The pigments themselves, compounds called ommochromes, don’t instantly break down. They’re still physically present inside the collapsed chromatophore sacs. The whitening isn’t caused by pigment destruction. It’s caused by the mechanical collapse of the structures that display those pigments.
The Role of Rigor Mortis
The transition from colorful to white isn’t always instantaneous. After death, the muscles attached to the chromatophores are no longer under neural control, but they don’t all relax at once. Some chromatophores remain partially expanded for a period, which is why a freshly caught squid still shows dark purple or reddish skin. The gradual relaxation of these muscles concludes roughly with the onset of rigor mortis in the mantle muscles, completing the shift from dark to light over the course of hours.
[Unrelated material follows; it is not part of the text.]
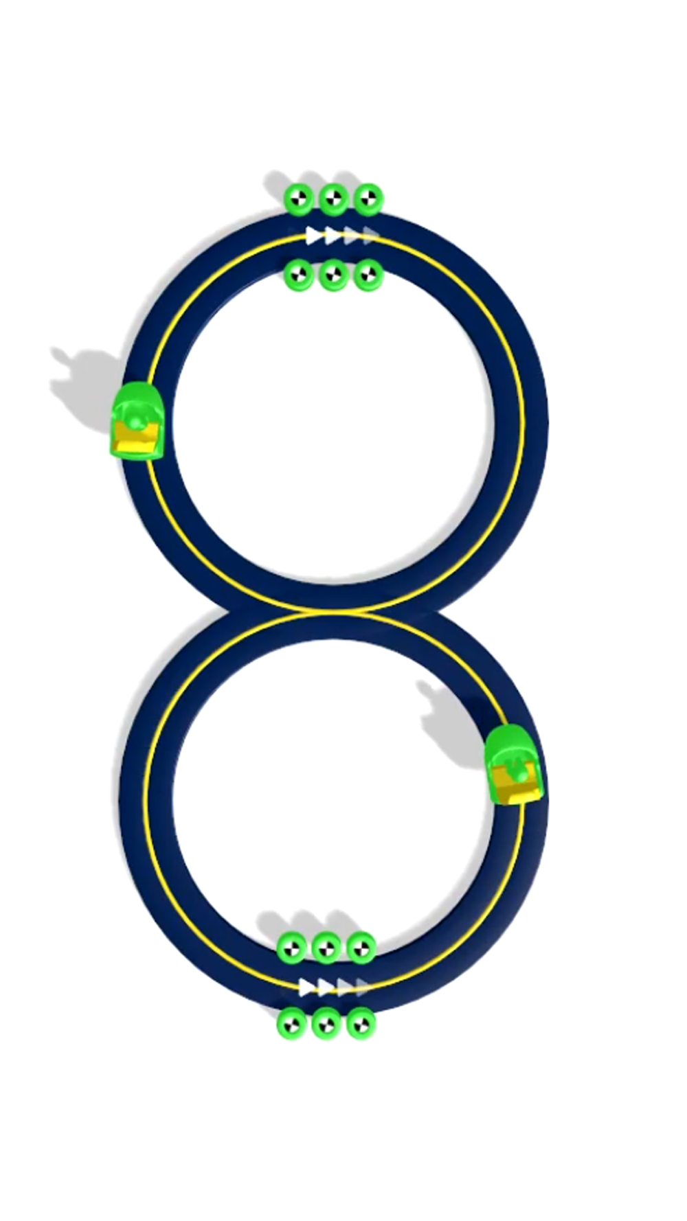 Trains tracks are for the roller coasters, and don't let them hit one another while rotating.

Studies tracking skin color in two species of squid during ice-cold storage found a surprisingly complex timeline. Japanese common squid showed dark purple-red skin immediately after catch, turned noticeably lighter within about 3 hours, then partially recovered some dark color over the next 48 hours before fading to nearly white by 120 hours (5 days). Spear squid followed a similar but faster pattern, becoming largely transparent within 3 hours, partially darkening again over the next 36 hours, then settling into a permanent white by 120 hours. That temporary darkening in the middle likely reflects the stiffening phase of rigor mortis briefly re-tensioning the chromatophore muscles before they fully break down.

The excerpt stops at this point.